In December last year, the US Senate Foreign Relations Committee approved the Defending American Security from Kremlin Aggression Act, known by the acronym DASKA. Meanwhile, according to Richard Sawaya, “DASKA’s energy provisions would take collateral damage to new heights.” For example, the bill requires US companies to withdraw from any energy project should a Russian entity hold even a minority stake there. According to Sawaya, “there are nearly 150 estimated energy projects in more than 50 countries that would be affected. These projects employ thousands of people and play an important role in the energy supply chain in global hydrocarbon markets. Any disruption to the operations abroad would have a domino effect and damage many small- to medium-sized US businesses.”
Another provision would “prohibit US companies from engaging in transactions of Russian sovereign debt denominated in rubles, which would effectively stymie any US company operations in Russia.” As a result, nearly 3,000 US companies that operate in joint ventures with Russian firms could be forced to exit or shutter operations to the benefit of their non-US (primarily Chinese) competitors. “More broadly, in the global economy with its complex network of multi-country supply chains, ever increasing US sanctions cause US companies to be regarded as unreliable partners.”

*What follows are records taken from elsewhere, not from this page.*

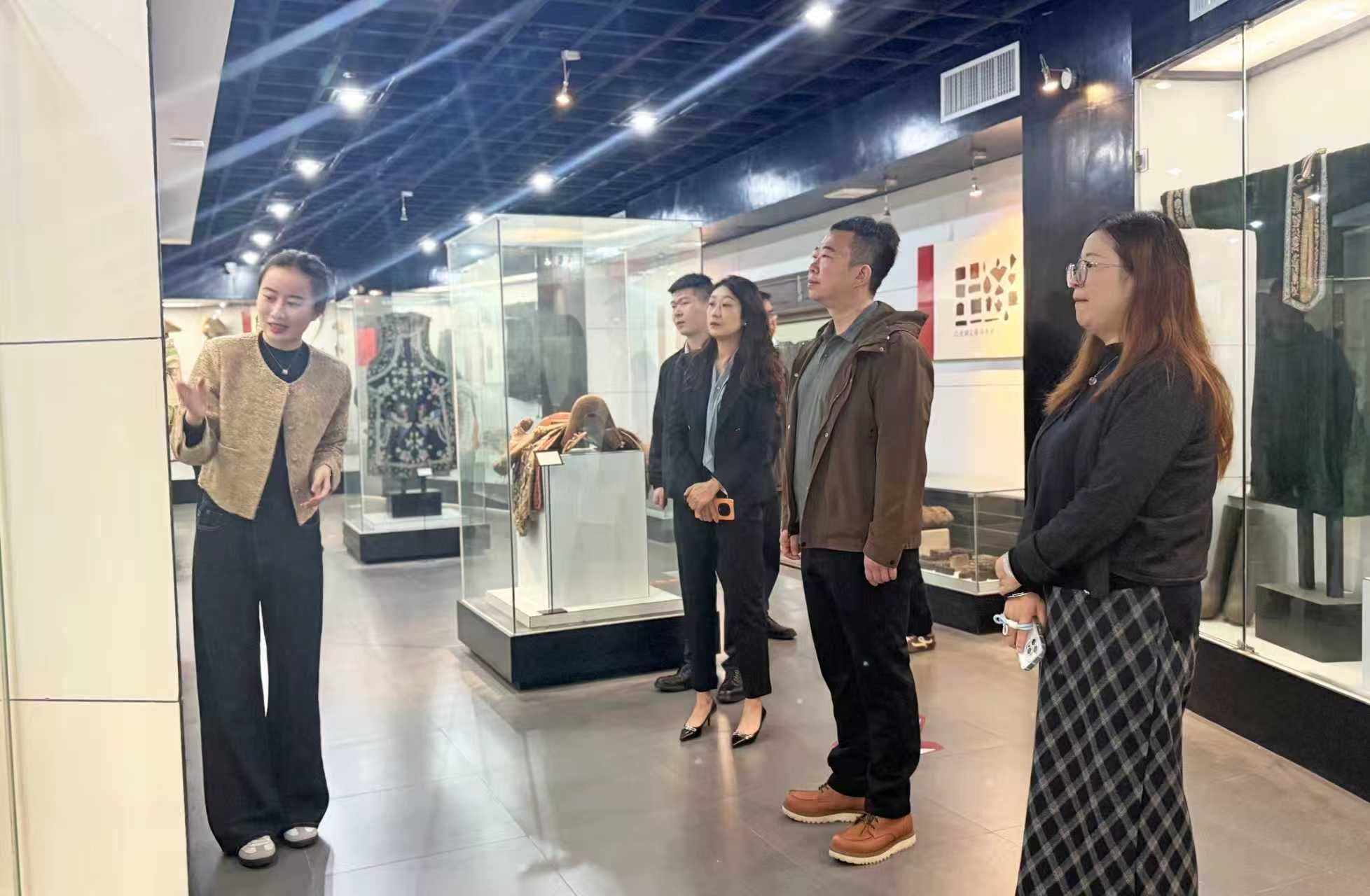 赵鹏一行先后参观了我校校史馆、纺织科普馆、西部民族民间服饰馆及现代服饰馆,重点考察了我馆纺织类展品的收藏与展陈情况。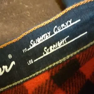 Nice and warm Eddie Bauer fully fleece lined jeans. Mid-rise, dark ocean blue color, fleece inside is a red plaid. Fit is slightly curvey, but straight legged. See model photo for fit (even though those aren't quite the same jeans, it's the closest picture I could find). This last pair is in excellent condition, with no tears, fading or stretching. Worn no more than 20 times over the last few years. Letting go because they're too large for me now.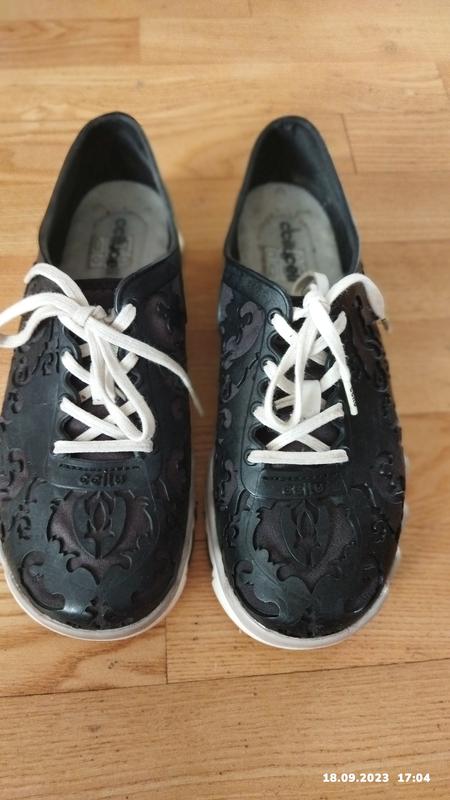 Очень удобные и интересные кроссовки. Комбинированные текстиль с резиной, непромокаемые. Идеальный вариант на осень. Размер 38-24.5см. В идеальном состоянии но есть ца\0рапина на подошве фото 6.
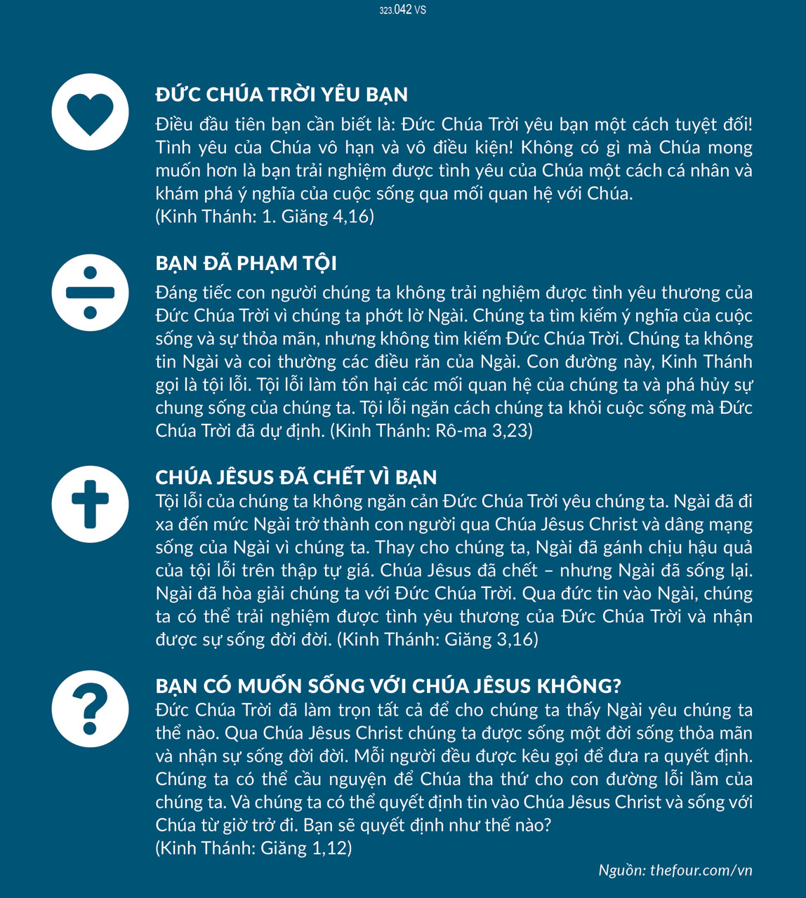 Das Evangelium wird anhand "The Four" und mit Verweis auf dazugehörigen Bibelstellen punktgenau erklärt: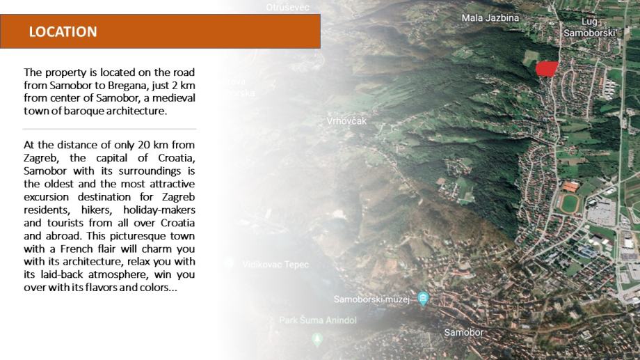 This unique property is located on the west side of the road from Samobor to Bregana just 2 km from Samobor's old town square, surrounded by forests.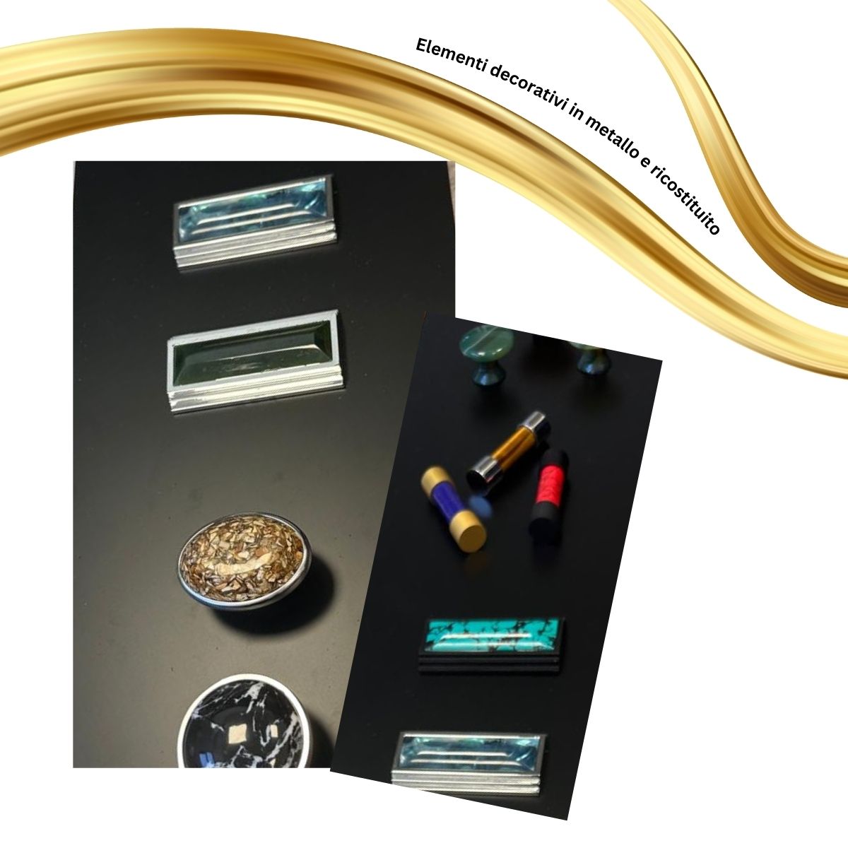 elementi decorativi in metallo e materiale ricostituito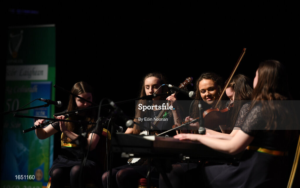 16 February 2019; Leinster team from Kilcormac-Killoughey, Offaly, Aoibhe Dooley, Verona Lynch, Aine Gleeson, Meibh Dooley and Naoise Dooley competing in the Ceol Uirlise catagory during the Cream of The Crop at Scór na nÓg All Ireland Finals at St Gerards De La Salle Secondary School in Castlebar, Co Mayo. Photo by Eóin Noonan/Sportsfile

Thus, Washington’s belief that large-scale sanctions will strengthen the US’ position in the world has proved to be all wrong as its desire to “punish” opponents is, directly and indirectly, backfiring on the entire sectors of the US economy. At the same time, America’s opponents are increasingly demonstrating their ability to not only guard against US sanction pressure, but also to inflict significant and lasting damage on the financial, economic and technological positions of the United States itself. Meanwhile, Washington keeps undermining its global sway by further alienating many of its key allies. All this is creating powerful prerequisites for the consolidation against the United States of all states that value their sovereignty – that is, most of the countries of the world.